> **Collected data**:
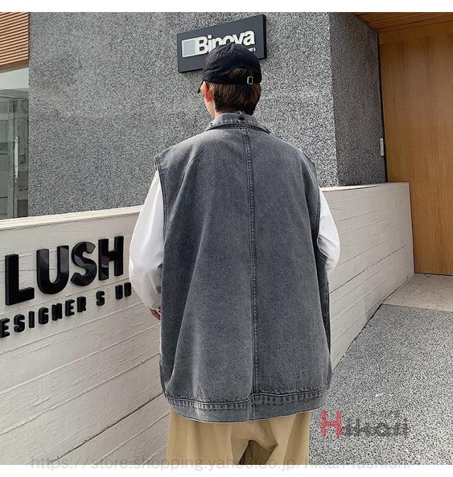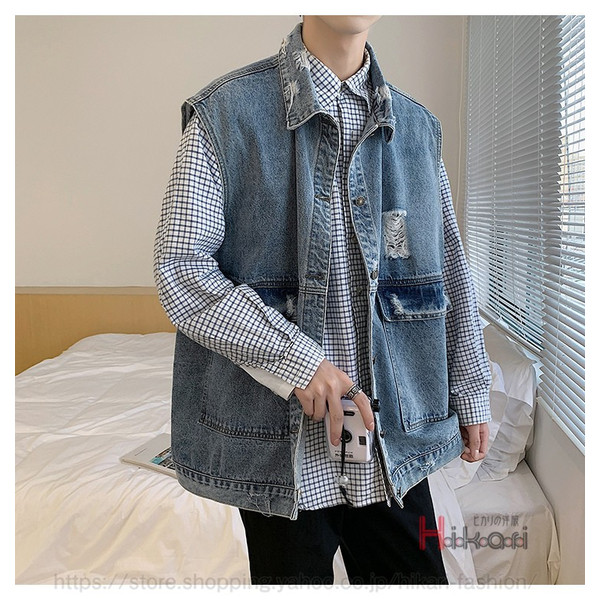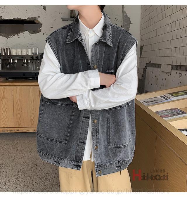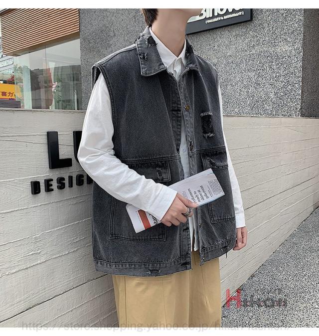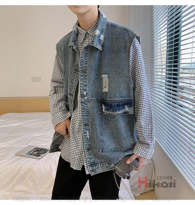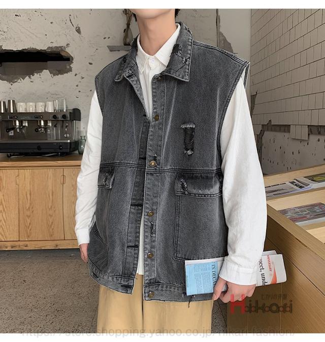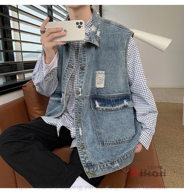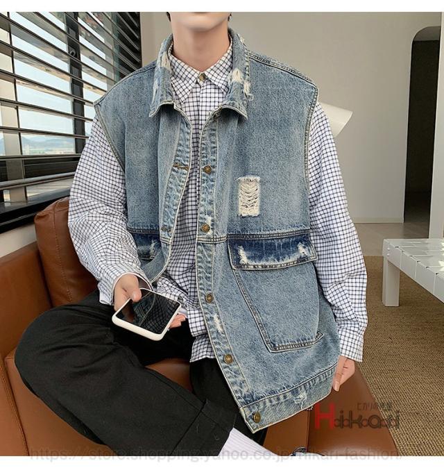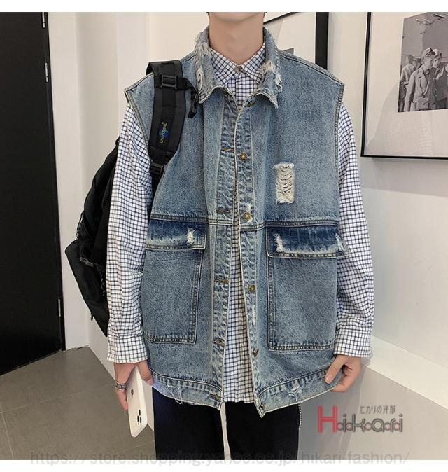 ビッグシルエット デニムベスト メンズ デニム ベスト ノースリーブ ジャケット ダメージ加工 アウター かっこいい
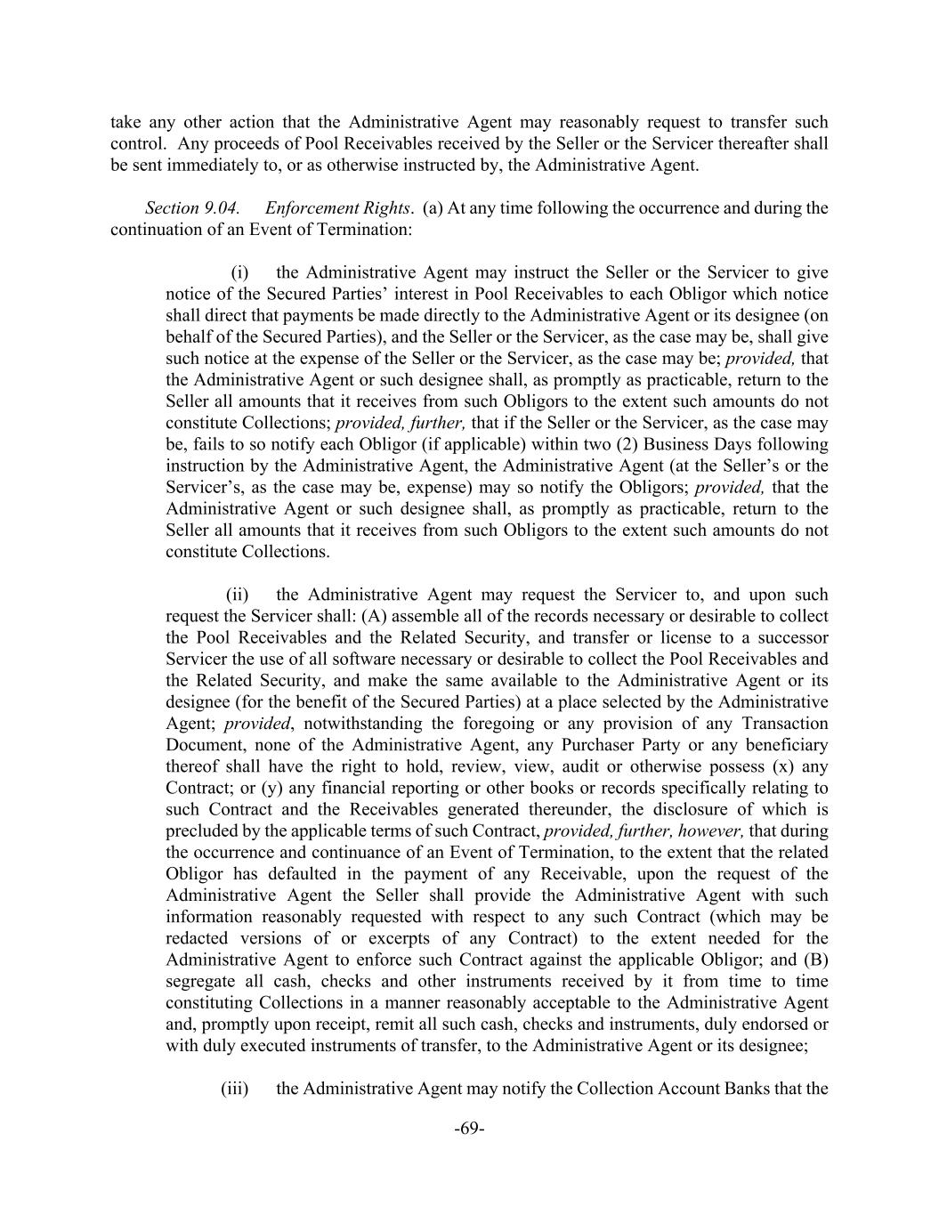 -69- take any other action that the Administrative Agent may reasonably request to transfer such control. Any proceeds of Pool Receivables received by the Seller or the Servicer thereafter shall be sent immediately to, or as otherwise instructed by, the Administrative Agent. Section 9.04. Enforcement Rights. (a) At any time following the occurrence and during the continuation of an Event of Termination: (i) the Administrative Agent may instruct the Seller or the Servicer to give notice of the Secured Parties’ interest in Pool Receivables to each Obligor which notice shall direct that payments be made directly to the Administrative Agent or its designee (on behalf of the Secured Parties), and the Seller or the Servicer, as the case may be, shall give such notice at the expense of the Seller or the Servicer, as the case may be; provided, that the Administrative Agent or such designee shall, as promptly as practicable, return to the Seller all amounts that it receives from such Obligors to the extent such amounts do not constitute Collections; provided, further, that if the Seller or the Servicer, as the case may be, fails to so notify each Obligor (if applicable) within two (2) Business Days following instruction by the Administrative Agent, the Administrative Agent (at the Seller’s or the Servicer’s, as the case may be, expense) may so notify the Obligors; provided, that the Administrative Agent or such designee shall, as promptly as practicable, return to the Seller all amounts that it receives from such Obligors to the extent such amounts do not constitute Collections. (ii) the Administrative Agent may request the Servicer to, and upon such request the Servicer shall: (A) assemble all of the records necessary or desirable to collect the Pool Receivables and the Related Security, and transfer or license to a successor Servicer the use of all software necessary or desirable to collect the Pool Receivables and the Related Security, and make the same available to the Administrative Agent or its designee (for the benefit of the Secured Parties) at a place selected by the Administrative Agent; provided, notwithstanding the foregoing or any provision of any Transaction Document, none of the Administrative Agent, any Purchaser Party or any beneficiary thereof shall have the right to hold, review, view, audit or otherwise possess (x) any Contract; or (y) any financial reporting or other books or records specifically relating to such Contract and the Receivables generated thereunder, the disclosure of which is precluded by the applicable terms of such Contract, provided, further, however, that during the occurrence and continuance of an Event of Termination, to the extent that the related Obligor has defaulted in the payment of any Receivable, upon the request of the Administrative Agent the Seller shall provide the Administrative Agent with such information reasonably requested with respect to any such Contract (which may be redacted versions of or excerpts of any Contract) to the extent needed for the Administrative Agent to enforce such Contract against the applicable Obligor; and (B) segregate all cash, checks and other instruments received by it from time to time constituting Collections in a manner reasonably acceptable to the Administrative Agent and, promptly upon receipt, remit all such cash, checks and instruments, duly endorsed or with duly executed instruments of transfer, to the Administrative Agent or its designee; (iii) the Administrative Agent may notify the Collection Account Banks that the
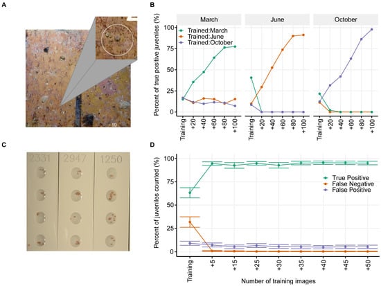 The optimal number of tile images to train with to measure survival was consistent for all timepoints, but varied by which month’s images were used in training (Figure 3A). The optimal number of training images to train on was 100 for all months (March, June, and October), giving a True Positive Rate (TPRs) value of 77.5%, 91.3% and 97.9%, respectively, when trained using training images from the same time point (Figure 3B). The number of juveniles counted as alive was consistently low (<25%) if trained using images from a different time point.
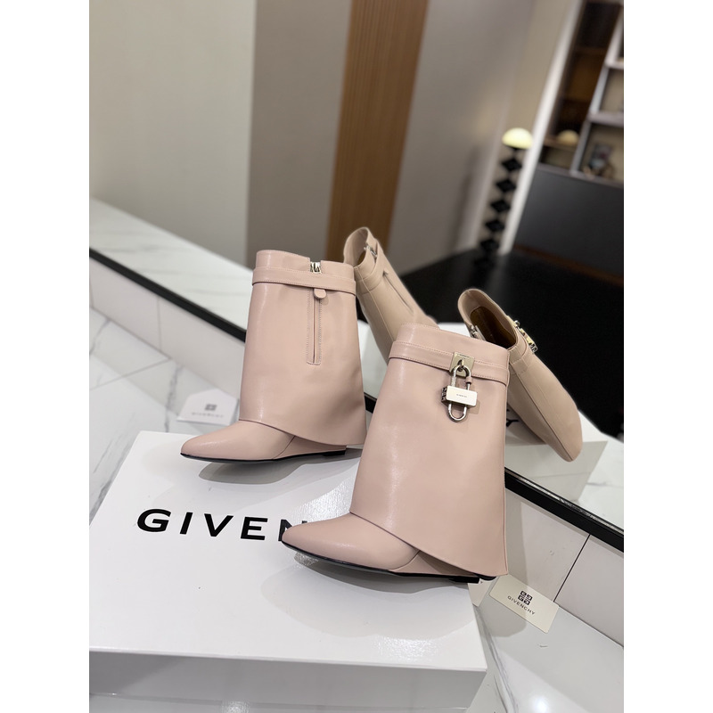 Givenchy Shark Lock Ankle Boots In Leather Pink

> **What to produce**:
Keeping every word as it is, write out all the data and omit the pictures.

> **Reply**:
 ビッグシルエット デニムベスト メンズ デニム ベスト ノースリーブ ジャケット ダメージ加工 アウター かっこいい
 -69- take any other action that the Administrative Agent may reasonably request to transfer such control. Any proceeds of Pool Receivables received by the Seller or the Servicer thereafter shall be sent immediately to, or as otherwise instructed by, the Administrative Agent. Section 9.04. Enforcement Rights. (a) At any time following the occurrence and during the continuation of an Event of Termination: (i) the Administrative Agent may instruct the Seller or the Servicer to give notice of the Secured Parties’ interest in Pool Receivables to each Obligor which notice shall direct that payments be made directly to the Administrative Agent or its designee (on behalf of the Secured Parties), and the Seller or the Servicer, as the case may be, shall give such notice at the expense of the Seller or the Servicer, as the case may be; provided, that the Administrative Agent or such designee shall, as promptly as practicable, return to the Seller all amounts that it receives from such Obligors to the extent such amounts do not constitute Collections; provided, further, that if the Seller or the Servicer, as the case may be, fails to so notify each Obligor (if applicable) within two (2) Business Days following instruction by the Administrative Agent, the Administrative Agent (at the Seller’s or the Servicer’s, as the case may be, expense) may so notify the Obligors; provided, that the Administrative Agent or such designee shall, as promptly as practicable, return to the Seller all amounts that it receives from such Obligors to the extent such amounts do not constitute Collections. (ii) the Administrative Agent may request the Servicer to, and upon such request the Servicer shall: (A) assemble all of the records necessary or desirable to collect the Pool Receivables and the Related Security, and transfer or license to a successor Servicer the use of all software necessary or desirable to collect the Pool Receivables and the Related Security, and make the same available to the Administrative Agent or its designee (for the benefit of the Secured Parties) at a place selected by the Administrative Agent; provided, notwithstanding the foregoing or any provision of any Transaction Document, none of the Administrative Agent, any Purchaser Party or any beneficiary thereof shall have the right to hold, review, view, audit or otherwise possess (x) any Contract; or (y) any financial reporting or other books or records specifically relating to such Contract and the Receivables generated thereunder, the disclosure of which is precluded by the applicable terms of such Contract, provided, further, however, that during the occurrence and continuance of an Event of Termination, to the extent that the related Obligor has defaulted in the payment of any Receivable, upon the request of the Administrative Agent the Seller shall provide the Administrative Agent with such information reasonably requested with respect to any such Contract (which may be redacted versions of or excerpts of any Contract) to the extent needed for the Administrative Agent to enforce such Contract against the applicable Obligor; and (B) segregate all cash, checks and other instruments received by it from time to time constituting Collections in a manner reasonably acceptable to the Administrative Agent and, promptly upon receipt, remit all such cash, checks and instruments, duly endorsed or with duly executed instruments of transfer, to the Administrative Agent or its designee; (iii) the Administrative Agent may notify the Collection Account Banks that the
 The optimal number of tile images to train with to measure survival was consistent for all timepoints, but varied by which month’s images were used in training (Figure 3A). The optimal number of training images to train on was 100 for all months (March, June, and October), giving a True Positive Rate (TPRs) value of 77.5%, 91.3% and 97.9%, respectively, when trained using training images from the same time point (Figure 3B). The number of juveniles counted as alive was consistently low (<25%) if trained using images from a different time point.
 Givenchy Shark Lock Ankle Boots In Leather Pink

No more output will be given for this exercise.